US cannot allow China's 'new normal' to pressure Taiwan with military drills, says Pelosi

"The visit delivered a clear statement that America's commitment to a free and open Indo-Pacific is unshakeable," Pelosi noted.
US House Speaker Nancy Pelosi (Photo | AP)
US House Speaker Nancy Pelosi (Photo | AP)

WASHINGTON: House Speaker Nancy Pelosi has said the US just cannot allow China to establish a "new normal" to put pressure on Taiwan through the kind of military drills and warplane incursions that Beijing launched after she visited the self-governing island.

China on Wednesday announced that it has "successfully completed" its week-long and unprecedented military drills that have essentially encircled Taiwan.

Initially, the People's Liberation Army announced the war games in the busy Taiwan Strait from August 4 to 7, the day after Pelosi, who is the highest-ranking US leader to have visited Taiwan in 25 years, left Taipei after high-level meetings.

It later kept extending them, keeping the breakaway island on tenterhooks.

"What we saw with China is that they were trying to establish sort of a new normal.
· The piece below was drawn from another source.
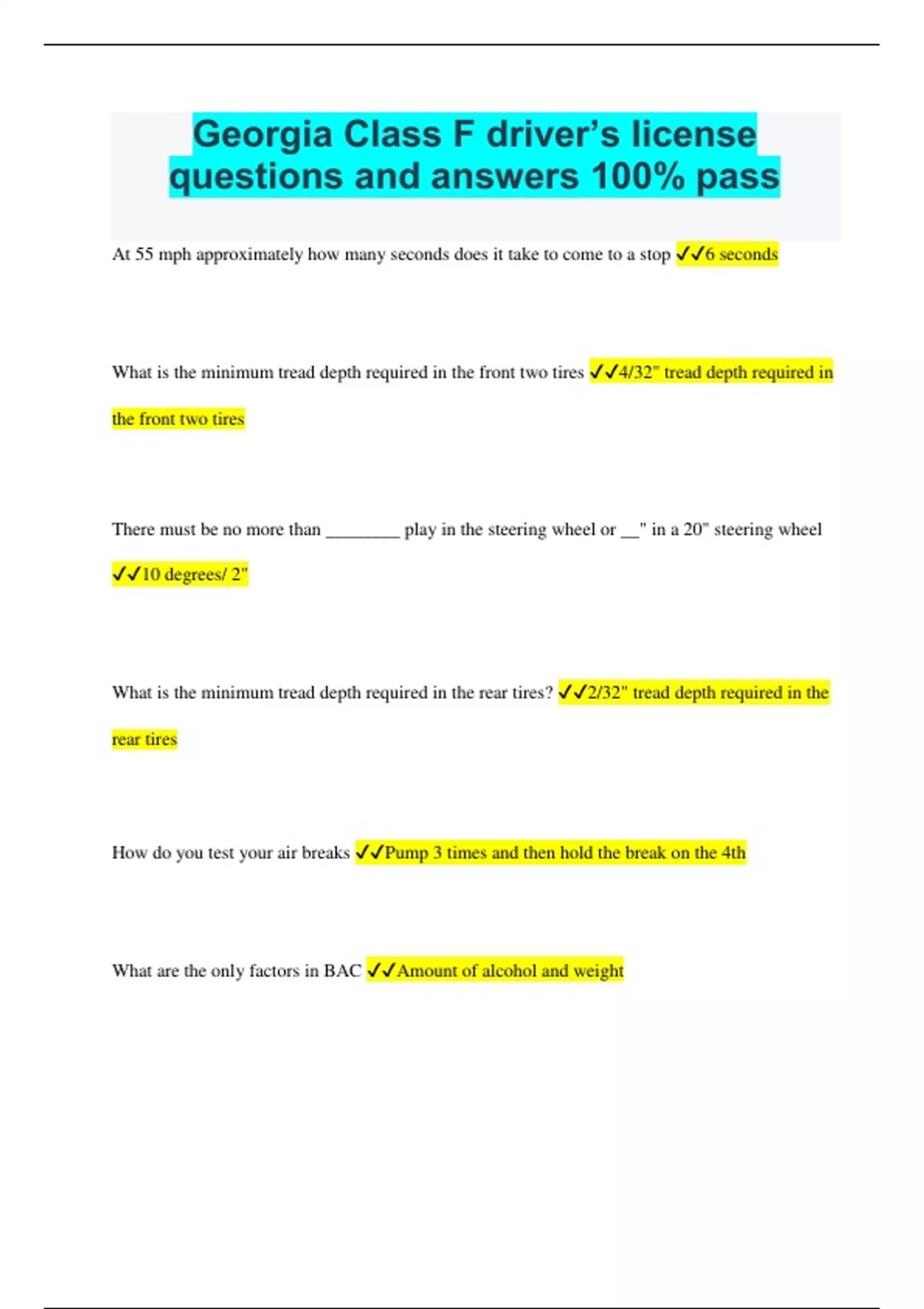 Georgia Class F driver’s license questions and answers 100% pass At 55 mph approximately how many seconds does it take to come to a stop 6 seconds What is the minimum tread depth required in the front two tires 4/32" tread depth required in the front two tires There must be no more than ________ play in the steering wheel or __

And we just can't let that happen," Pelosi told a news conference on Wednesday, referring to the provocative drills.

The Chinese military exercises involved hundreds of warplanes, and dozens of naval ships, including an aircraft carrier group with a nuclear submarine in tow, amid assertions by the official media here that such war games in the busy Taiwan Strait will be a new normal.
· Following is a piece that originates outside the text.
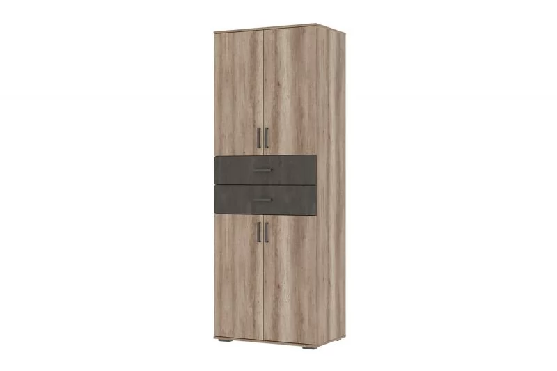 ГРЕТТА Шкаф 2С2ЗР без зерк. (ш900*г411*в2120мм), ЛДСП дуб крафт белый-антрацит/ЛДСП дуб крафт бел

Pelosi's trip to Taipei angered Beijing, which views Taiwan as a breakaway province that must be reunited with the mainland, by force if necessary. Taiwan has accused China of using the recent drills as a practice for an invasion.

"We didn't go there to talk about China. We went there to praise Taiwan. And we went there to show our friendship to say, China cannot isolate Taiwan" Pelosi asserted during the news conference on Wednesday after her trip to Asia.
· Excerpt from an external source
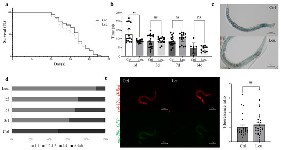 For the preparation of mixed bacterial suspensions, 50 μL of Escherichia coli OP50 and 50 μL of Leucobacter sp. were combined at ratios of 1:5, 1:1, and 5:1. A total of 100 μL of the resulting mixture was then spread uniformly onto NGM plates.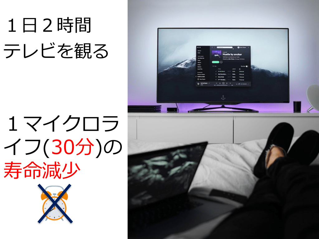 #56. 1⽇2時間 テレビを観る 1マイクロラ イフ(30分)の 寿命減少

"The visit delivered a clear statement that America's commitment to a free and open Indo-Pacific is unshakeable," Pelosi noted.

The US along with several world powers have been talking about the need to ensure a free, open and thriving Indo-Pacific in the backdrop of China's rising military manoeuvring in the resource-rich region.

China claims nearly all of the disputed South China Sea, though Taiwan, the Philippines, Brunei, Malaysia and Vietnam all claim parts of it. Beijing has built artificial islands and military installations in the South China Sea. China also has territorial disputes with Japan in the East China Sea.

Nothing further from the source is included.